Several studies summarized in this review did not control for variations in measurement method and interindividual variation—for example, this review assumed that all biomarker tests used in individual studies performed at the same level of analytical quality. The impact of these differences on the outcome of this review is not known.

Future research needs

There was sufficient evidence to make recommendations for 2 risk biomarkers based on the moderate strength of evidence. However, more research is needed to strengthen the evidence rating and also to make recommendations for the other 2 biomarkers (e.g., apo A-I and non-HDL-C).

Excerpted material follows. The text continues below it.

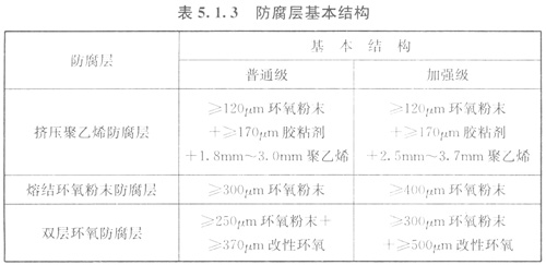 5.1.3管道防腐層宜采用擠壓聚乙烯防腐層、熔結(jié)環(huán)氧粉末防腐層、雙層環(huán)氧防腐層等,普通級和加強(qiáng)級的防腐層基本結(jié)構(gòu)應(yīng)符合表5.1.3的規(guī)定。

Examination of the literature revealed several deficits that need to be highlighted as best practices for high-quality studies examining the added benefit of nontraditional lipid biomarkers to predicting CVD events. Several studies did not adjust for all the traditional risk factors and provided incomplete information about the demographics of the population. Model descriptions varied, and in some cases, it was difficult to understand the model selection criteria, model specifications, and what factors were included in the model. Several studies lacked sufficient raw data eliminating the ability to replicate findings. Finally, many studies used different analytical methods to calculate the effectiveness of evaluated practices; thus, we were not able to combine the result from those studies to perform metaanalysis to produce an overall grand mean of effectiveness. It is desirable for future studies to use common standardized analytical methods.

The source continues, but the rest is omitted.